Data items

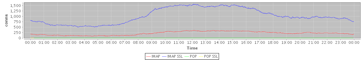 Host zm04.stanford.edu: Mailboxd: Active Connections by Client Protocol
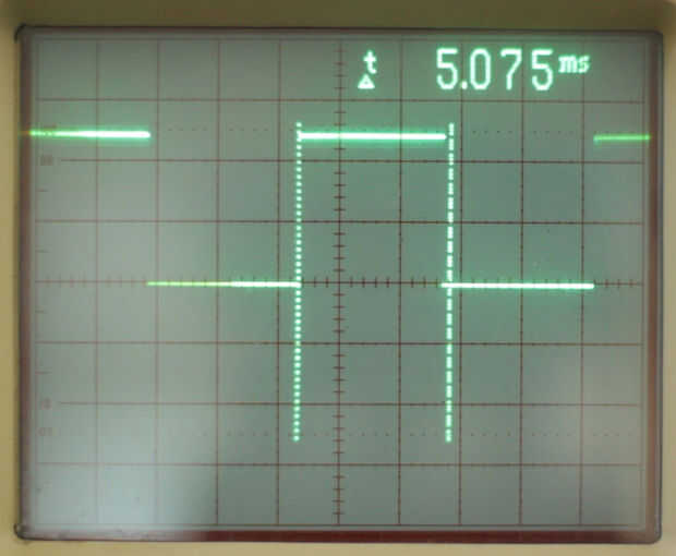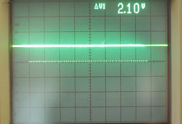 Después de probar este circuito, me di cuenta de que la onda cuadrada se convirtió en una onda triangular con 1.6V del cambio. Esto no era adecuado para mis necesidades, así que incrementé la capacitancia a 47 uF. El inconveniente de este método es que el tiempo de respuesta es más lento que el condensador se debe cargar y descargar. Usted debe experimentar con valores de condensador aquí para satisfacer sus propias necesidades. Las instantáneas de osciloscopio mostrará la salida de onda cuadrada crudo, la conversión triangular de 1uF y el resultado final de flatline DC quería.
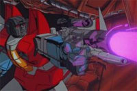 O "comandante aéreo" Starscream foi um dos Decepticons que caiu na Terra durante a invasão da Arca e era o segundo em comando dos Decepticons, sob as ordens de Megatron. Embora fosse um hábil guerreiro aéreo, não era muito corajoso. Inteligente, insolente, muito ambicioso e traiçoeiro, vivia tentando assumir o comando dos Decepticons. Durante a batalha em Autobot City (na Terra), no ano de 2005 (conforme "Transformers: O Filme"), Megatron foi seriamente avariado e, após a retirada dos Decepticons, Starscream o atirou no espaço e tomou seu lugar como líder dos Decepticons. Megatron, no entanto, reformado por Unicron, retornou (como Galvatron) durante a coroação de Starscream e o matou. Apesar do corpo de Starscream ter sido destruído, sua centelha ("spark") sobreviveu e ficou vagando no espaço à procura de vingança.
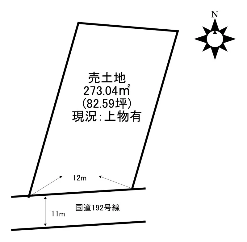 国道192号線沿いで宅地出ました!整形地の82坪!住宅にも良し店舗や事務所・駐車場にも良し!
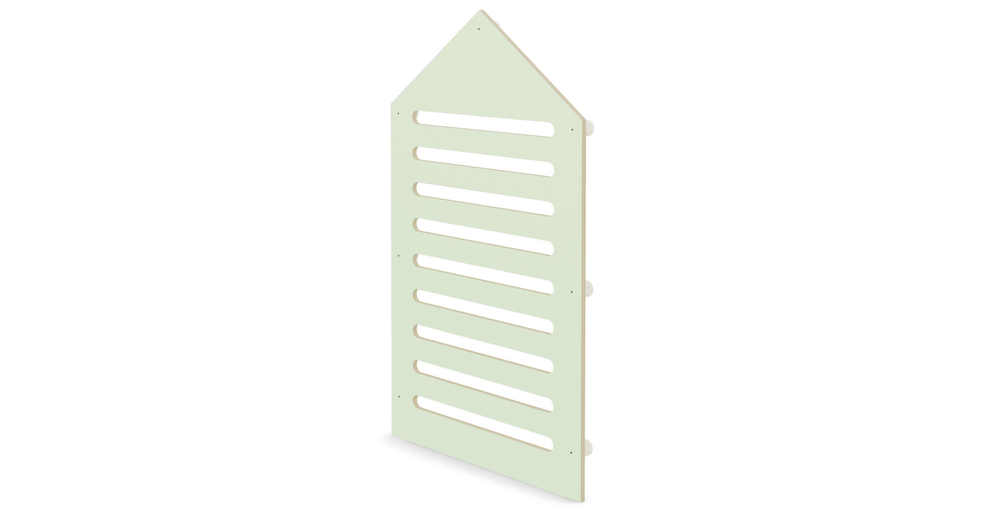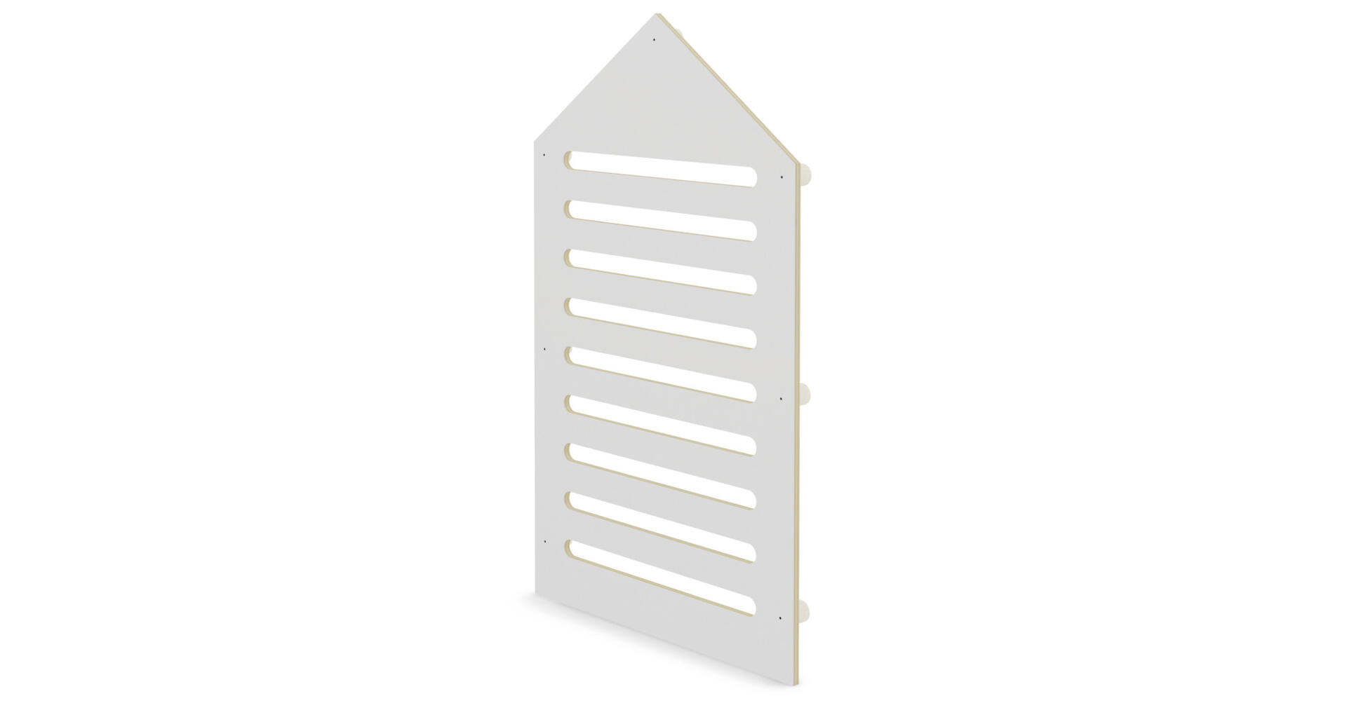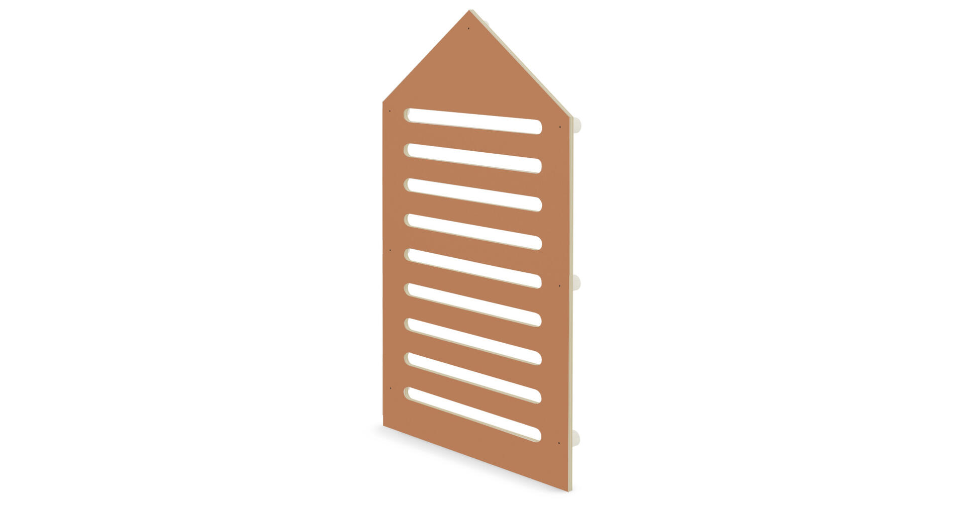 Motorikvägg i björkplywood utformad som en ribbstol. Förberedd med förborrade hål för säker och enkel montering. Monteras fler väggar bredvid varandra är det viktigt att de monteras ihop för att minimera klämrisken. Används alltid med godkänt fallunderlag enligt EN1177. Fallutrymme 1,5 m runtom. Förborrade distanser medföljer för att det ska bli rätt avstånd från väggen. Mellanrum ribba är 4,6 cm. Avstånden mellan ribborna är 7,7 cm. Björk och vitpigmenterad helt i plywood, övriga färger i laminat.
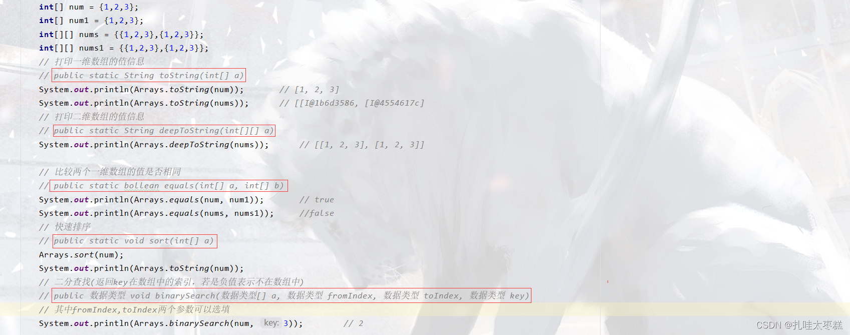 ⚠ 数组定义完成之后,在未进行赋值之前所有的元素会按照数据类型默认初始化为相应的值,整型:byte、short、int、long会初始化为0;字符型:char也初始化为0,只不过是0的字符形式计算机表示出来会乱码;浮点型:float、double会初始化为0.0;布尔型:boolean会初始化为false;其他引用数据类型:String、类、接口、数组……会初始化为null
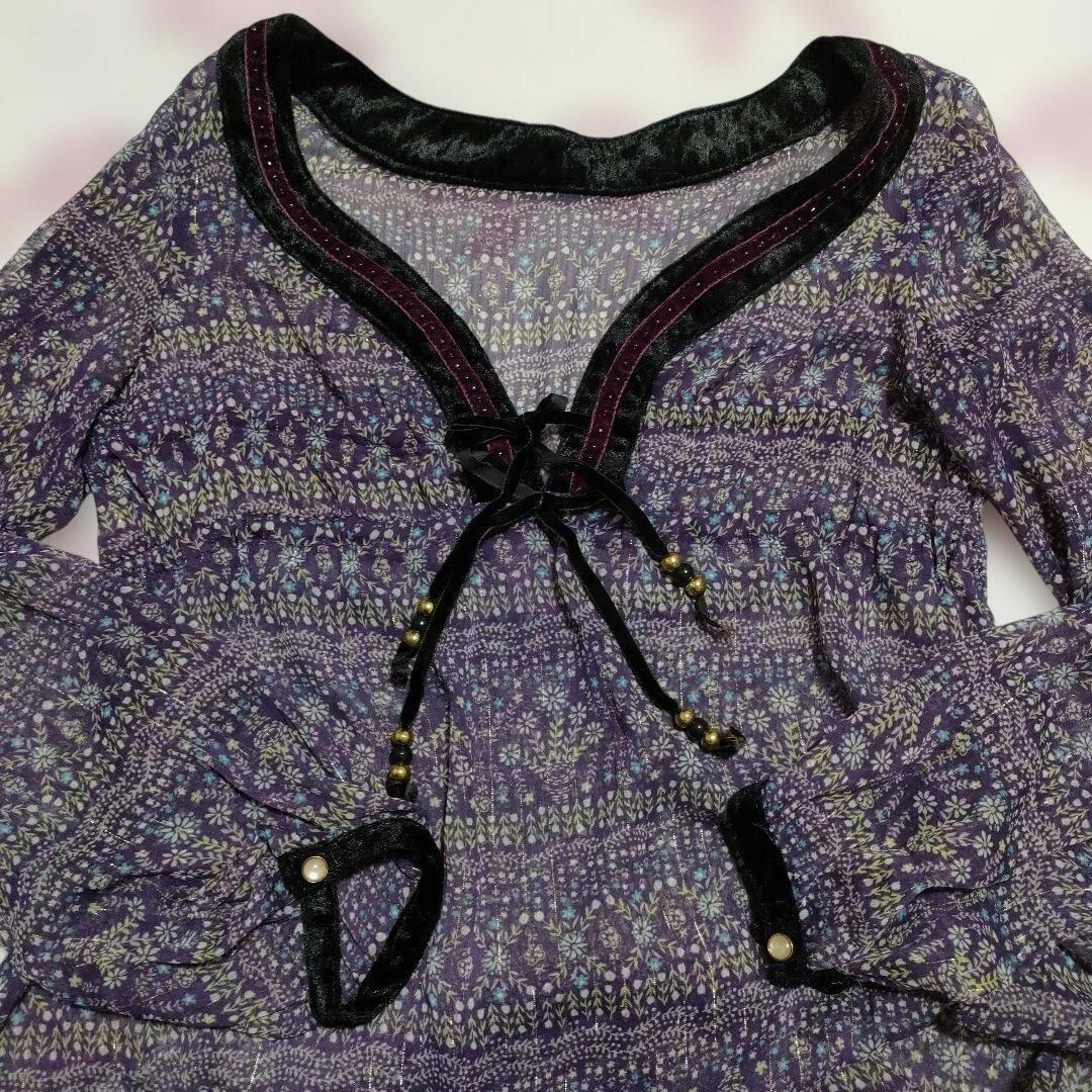 ベロア ボヘミアンスタイル 紫色 チュニック 長袖 リボン シフォン
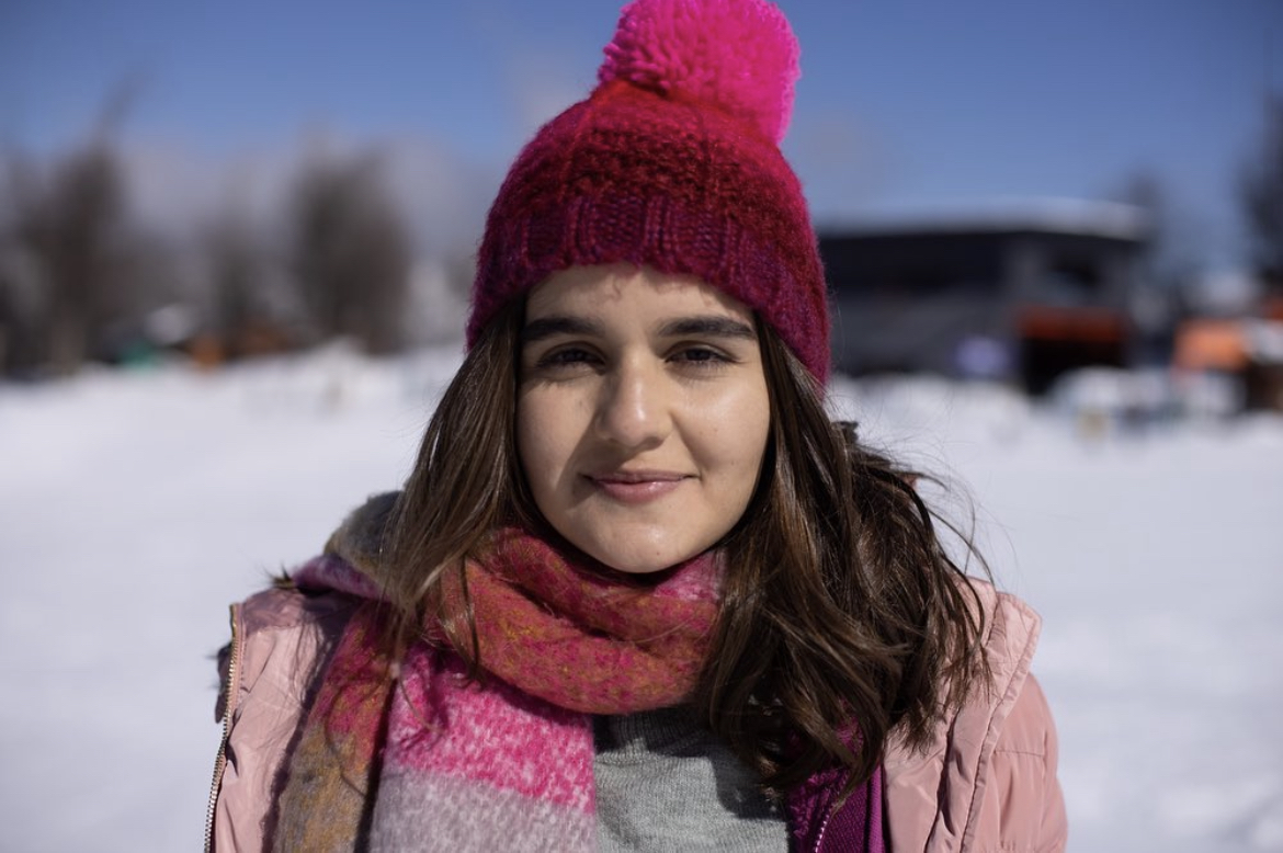 viajando a contragosto com seus pais para uma estação de esqui, no
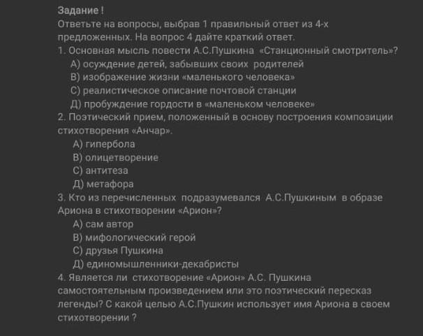 4. Стихотворение "Арион" было написано под впечатлением от легенды о певце Арионе. Пушкин был знаком с легендой, знал её в деталях, но когда решил положить в основу своего стихотворения, то оставил от легенды только имя певца и мотив его спасения.
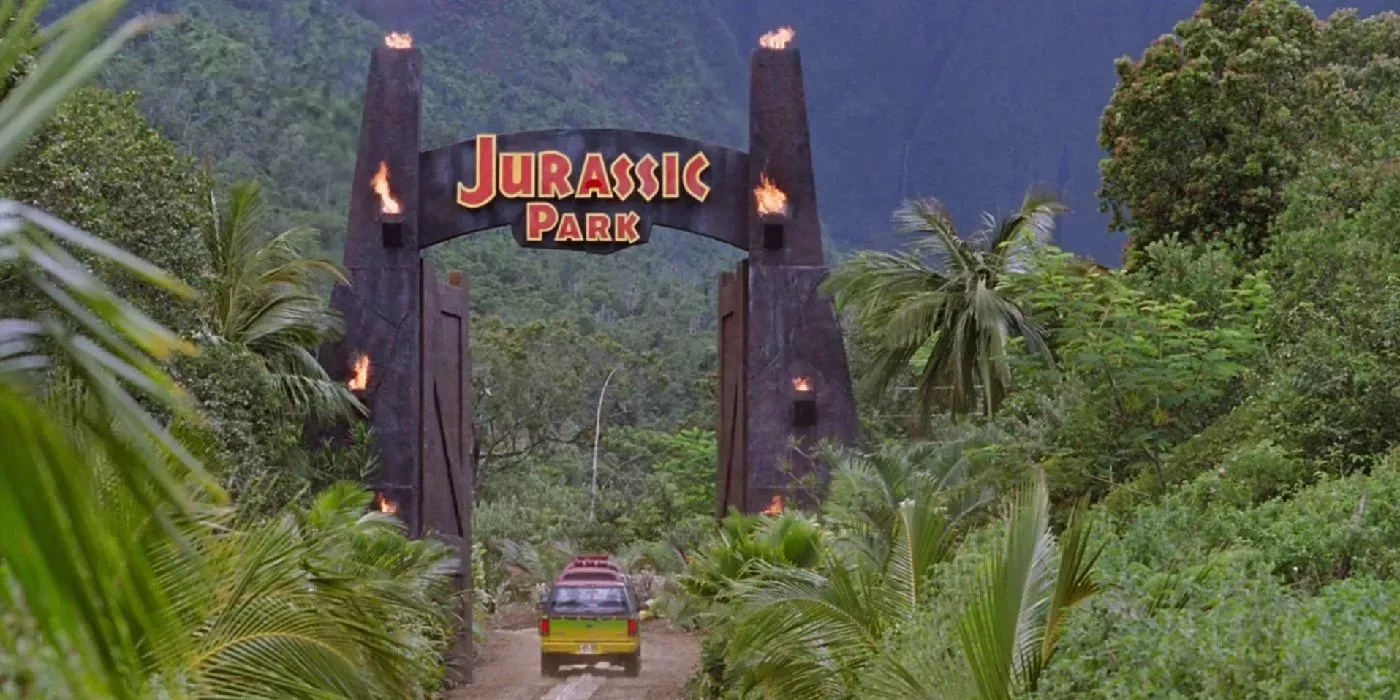 La icónica puerta de Jurassic Park es un guiño a otra película, y crea un chiste meta

Exercise instructions: Each of the lines above should be transcribed exactly; no image is to be copied.

Output for this task:
 Host zm04.stanford.edu: Mailboxd: Active Connections by Client Protocol
 Después de probar este circuito, me di cuenta de que la onda cuadrada se convirtió en una onda triangular con 1.6V del cambio. Esto no era adecuado para mis necesidades, así que incrementé la capacitancia a 47 uF. El inconveniente de este método es que el tiempo de respuesta es más lento que el condensador se debe cargar y descargar. Usted debe experimentar con valores de condensador aquí para satisfacer sus propias necesidades. Las instantáneas de osciloscopio mostrará la salida de onda cuadrada crudo, la conversión triangular de 1uF y el resultado final de flatline DC quería.
 O "comandante aéreo" Starscream foi um dos Decepticons que caiu na Terra durante a invasão da Arca e era o segundo em comando dos Decepticons, sob as ordens de Megatron. Embora fosse um hábil guerreiro aéreo, não era muito corajoso. Inteligente, insolente, muito ambicioso e traiçoeiro, vivia tentando assumir o comando dos Decepticons. Durante a batalha em Autobot City (na Terra), no ano de 2005 (conforme "Transformers: O Filme"), Megatron foi seriamente avariado e, após a retirada dos Decepticons, Starscream o atirou no espaço e tomou seu lugar como líder dos Decepticons. Megatron, no entanto, reformado por Unicron, retornou (como Galvatron) durante a coroação de Starscream e o matou. Apesar do corpo de Starscream ter sido destruído, sua centelha ("spark") sobreviveu e ficou vagando no espaço à procura de vingança.
 国道192号線沿いで宅地出ました!整形地の82坪!住宅にも良し店舗や事務所・駐車場にも良し!
 Motorikvägg i björkplywood utformad som en ribbstol. Förberedd med förborrade hål för säker och enkel montering. Monteras fler väggar bredvid varandra är det viktigt att de monteras ihop för att minimera klämrisken. Används alltid med godkänt fallunderlag enligt EN1177. Fallutrymme 1,5 m runtom. Förborrade distanser medföljer för att det ska bli rätt avstånd från väggen. Mellanrum ribba är 4,6 cm. Avstånden mellan ribborna är 7,7 cm. Björk och vitpigmenterad helt i plywood, övriga färger i laminat.
 ⚠ 数组定义完成之后,在未进行赋值之前所有的元素会按照数据类型默认初始化为相应的值,整型:byte、short、int、long会初始化为0;字符型:char也初始化为0,只不过是0的字符形式计算机表示出来会乱码;浮点型:float、double会初始化为0.0;布尔型:boolean会初始化为false;其他引用数据类型:String、类、接口、数组……会初始化为null
 ベロア ボヘミアンスタイル 紫色 チュニック 長袖 リボン シフォン
 viajando a contragosto com seus pais para uma estação de esqui, no
 4. Стихотворение "Арион" было написано под впечатлением от легенды о певце Арионе. Пушкин был знаком с легендой, знал её в деталях, но когда решил положить в основу своего стихотворения, то оставил от легенды только имя певца и мотив его спасения.
 La icónica puerta de Jurassic Park es un guiño a otra película, y crea un chiste meta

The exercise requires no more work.